I know it is difficult to manage a 13 year old boy especially when he did not grow up with you, however, it is possible to get him to follow your rules. Forgive the pun but "been there, done that, wear the tee shirt." What I find is that some kids do not want to perform house cleaning or other duties that adults consider important in the home, that is how you grew up, but this teen did not grow that way, therefore, for you to get him on the right track you will have to find effective ways of doing so. Let's say you start over. Inform mom that you need to put aside time one day or evening to have a talk and up date certain matters, start out by complimenting her on how hard she works and that you know she does not have a lot of time at home with (let's call him Teen") Teen, you are enjoying his company, going to the movies, ect., ect., ect.....................however, the relationship is waning as he is not following up with his assigned duties. Can we sit down after breakfast on Saturday or Sunday morning and talk about things and even write a list of what is expected of him.
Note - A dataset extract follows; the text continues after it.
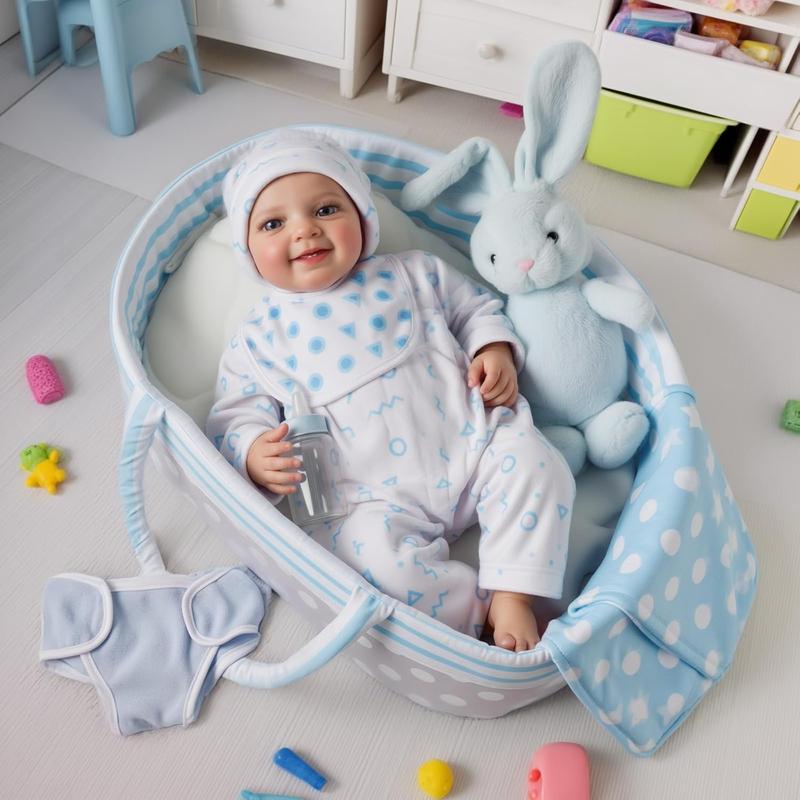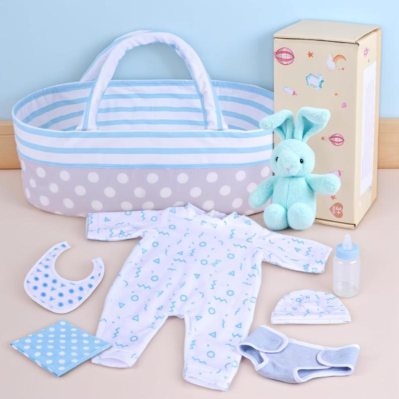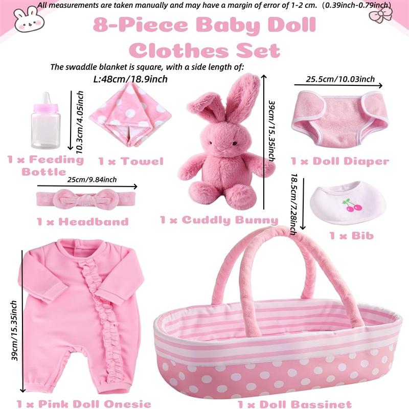 BABESIDE 8-Piece Reborn Baby Doll Clothing Set Fits 17-22 inch dolls Baby doll clothing accessories Perfect for reborn doll dress-up play Includes fabric carry basket Convenient for on-the-go outings Doll Clothes Set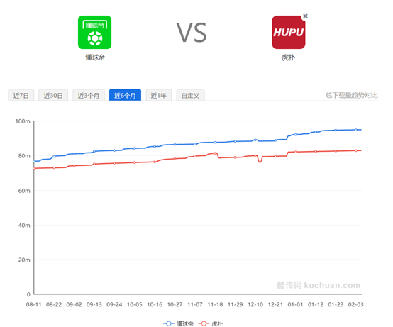 从安卓分发市场下载量上看,懂球帝对比虎扑体育、新浪体育、直播吧等依托于网站的体育综合类应用,在下载量上处于明显劣势,但对比同类型专业足球应用看球啦,有明显优势。

With his input write his chores, the day they are to be performed and by what time they should be completed as you will be checking to see if they are being done as planned. Ensure mom and Teen are in agreement and the environment is pleasant throughout the discussion. Make plans at the same time for fun times you will be sharing with him making him understanding the assigned chores will have to be finished before leaving home. If the chores are in writing, hanging at a conspicuous spot on the kitchen or stuck to the refrigerator, he can hardly say he forgot.
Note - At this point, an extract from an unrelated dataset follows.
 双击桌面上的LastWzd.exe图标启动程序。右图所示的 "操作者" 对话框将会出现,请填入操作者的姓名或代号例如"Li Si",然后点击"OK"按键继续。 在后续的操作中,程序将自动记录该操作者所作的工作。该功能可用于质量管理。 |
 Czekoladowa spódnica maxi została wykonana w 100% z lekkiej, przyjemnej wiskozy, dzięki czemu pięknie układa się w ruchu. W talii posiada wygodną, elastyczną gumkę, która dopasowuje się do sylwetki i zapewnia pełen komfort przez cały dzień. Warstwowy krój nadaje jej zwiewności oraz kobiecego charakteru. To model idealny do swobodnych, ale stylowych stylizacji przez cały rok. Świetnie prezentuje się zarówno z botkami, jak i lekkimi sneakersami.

Denying him of the TV, laptop, game box and other fun items may cause him to become resentful of you and I am sure you do not want your relationship with his mom to go awry. He just need to know that when he finishes his chores, he can have them. You also want to gain/continue/foster his respect for you and to see you as a reasonable "stepdad". One more thing to take into consideration, working along with him at times will help him to see the correct way of doing things and to see the way you want to have them done. Right now, you are the father figure in his life and he is observing you and will imitate you if you set the right example.

I hope every thing goes well with your family.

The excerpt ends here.